Publication at Second Faculty of Medicine |


Tuberous sclerosis complex (TSC) is a genetic disease presenting with multiple neurological symptoms including epilepsy, mental retardation, and autism. Abnormal activation of various inflammatory pathways has been observed in astrocytes in brain lesions associated with TSC.

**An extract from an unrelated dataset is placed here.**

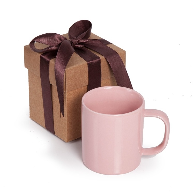 1 Caneca reta de porcelana rosa 300ml 9x8cm 1 Caixa corte e vinco em papel cartão branco 360gr com laço de cetim 9.5x10x11.5 /peso 0,430gr

Increasing evidence supports the involvement of microRNAs in the regulation of astrocyte-mediated inflammatory response. To study the role of inflammation-related microRNAs in TSC, we employed real-time PCR and in situ hybridization to characterize the expression of miR21, miR146a, and miR155 in TSC lesions (cortical tubers and subependymal giant cell astrocytomas, SEGAs).

We observed an increased expression of miR21, miR146a, and miR155 in TSC tubers compared with control and perituberal brain tissue. Expression was localized in dysmorphic neurons, giant cells, and reactive astrocytes and positively correlated with IL-1 beta expression.

In addition, cultured human astrocytes and SEGA-derived cell cultures were used to study the regulation of the expression of these miRNAs in response to the proinflammatory cytokine IL-1 beta and to evaluate the effects of overexpression or knockdown of miR21, miR146a, and miR155 on inflammatory signaling. IL-1 beta stimulation of cultured glial cells strongly induced intracellular miR21, miR146a, and miR155 expression, as well as miR146a extracellular release.

IL-1 beta signaling was differentially modulated by overexpression of miR155 or miR146a, which resulted in pro-or anti-inflammatory effects, respectively. This study provides supportive evidence that inflammation-related microRNAs play a role in TSC.

In particular, miR146a and miR155 appear to be key players in the regulation of astrocyte-mediated inflammatory response, with miR146a as most interesting anti-inflammatory therapeutic candidate.